__Work instructions__:
Copy out the listing that follows, exactly, without its pictures.

__Information provided__:

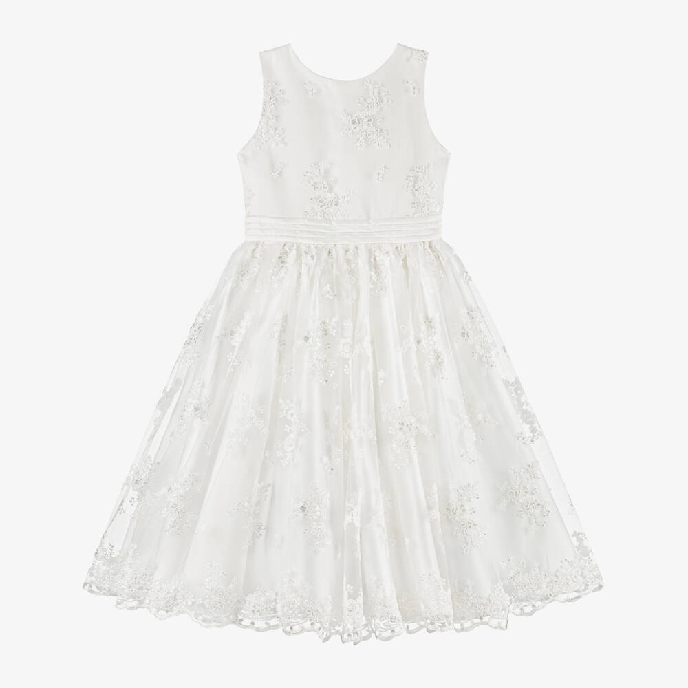 Elegant long white dress for girls by Childrensalon Occasions, designed for special events and ceremonies. Made in sumptuous satin twill with a delicate tulle overlay, it is beautifully embroidered with ivory flowers. It has a pleated waistband and decorative, satin-covered buttons around the back, running alongside the discreet, concealed zip fastening. The dress has net and tulle underskirts for extra volume and is lined in soft voile for comfort.
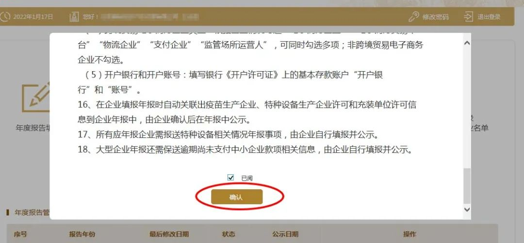 弹出年报须知,阅读后,在下方“已阅”前的小框内“√”(打勾),再点确认。如果以前存在没有参加年报的年度,需要将以前年度补报后才可申报本年度的。
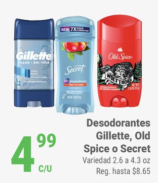 DESODORANTES GILLETE, OLD SPICE O SECRET VARIEDAD 2.6 A 4.3 OZ

__Expected answer__:
 Elegant long white dress for girls by Childrensalon Occasions, designed for special events and ceremonies. Made in sumptuous satin twill with a delicate tulle overlay, it is beautifully embroidered with ivory flowers. It has a pleated waistband and decorative, satin-covered buttons around the back, running alongside the discreet, concealed zip fastening. The dress has net and tulle underskirts for extra volume and is lined in soft voile for comfort.
 弹出年报须知,阅读后,在下方“已阅”前的小框内“√”(打勾),再点确认。如果以前存在没有参加年报的年度,需要将以前年度补报后才可申报本年度的。
 DESODORANTES GILLETE, OLD SPICE O SECRET VARIEDAD 2.6 A 4.3 OZ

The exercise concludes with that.